[[ Data section open ]]
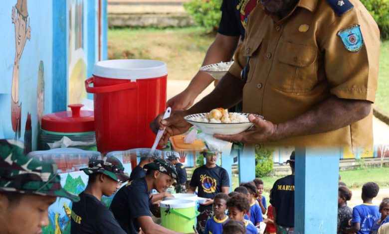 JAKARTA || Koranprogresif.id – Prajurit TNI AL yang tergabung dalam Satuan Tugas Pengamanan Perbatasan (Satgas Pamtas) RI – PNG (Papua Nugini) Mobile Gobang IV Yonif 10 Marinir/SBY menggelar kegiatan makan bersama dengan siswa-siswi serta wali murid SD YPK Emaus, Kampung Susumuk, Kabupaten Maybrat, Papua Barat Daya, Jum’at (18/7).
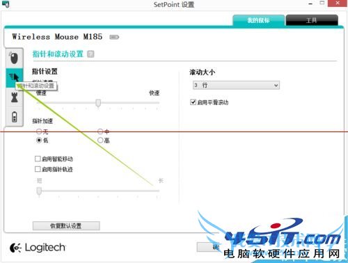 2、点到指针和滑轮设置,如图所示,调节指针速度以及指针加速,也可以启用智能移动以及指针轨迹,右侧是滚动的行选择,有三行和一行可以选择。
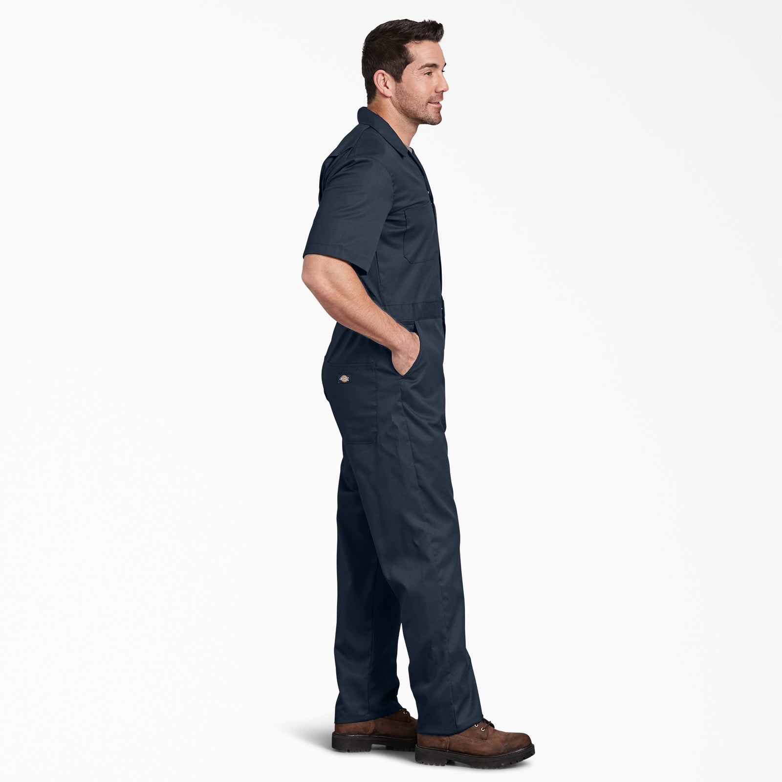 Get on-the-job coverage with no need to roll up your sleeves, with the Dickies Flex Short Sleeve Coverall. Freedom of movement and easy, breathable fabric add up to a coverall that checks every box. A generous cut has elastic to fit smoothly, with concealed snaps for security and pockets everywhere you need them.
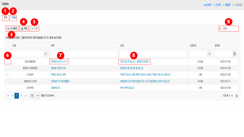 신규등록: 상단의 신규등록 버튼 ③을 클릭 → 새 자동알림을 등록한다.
[[ Data section closed ]]
Required action -
Omit the pictures. Transcribe word for word the lines from the one containing "2、点到指针和滑轮设置,如图" through the end of the listing, inclusive.

Answer to this task -
 2、点到指针和滑轮设置,如图所示,调节指针速度以及指针加速,也可以启用智能移动以及指针轨迹,右侧是滚动的行选择,有三行和一行可以选择。
 Get on-the-job coverage with no need to roll up your sleeves, with the Dickies Flex Short Sleeve Coverall. Freedom of movement and easy, breathable fabric add up to a coverall that checks every box. A generous cut has elastic to fit smoothly, with concealed snaps for security and pockets everywhere you need them.
 신규등록: 상단의 신규등록 버튼 ③을 클릭 → 새 자동알림을 등록한다.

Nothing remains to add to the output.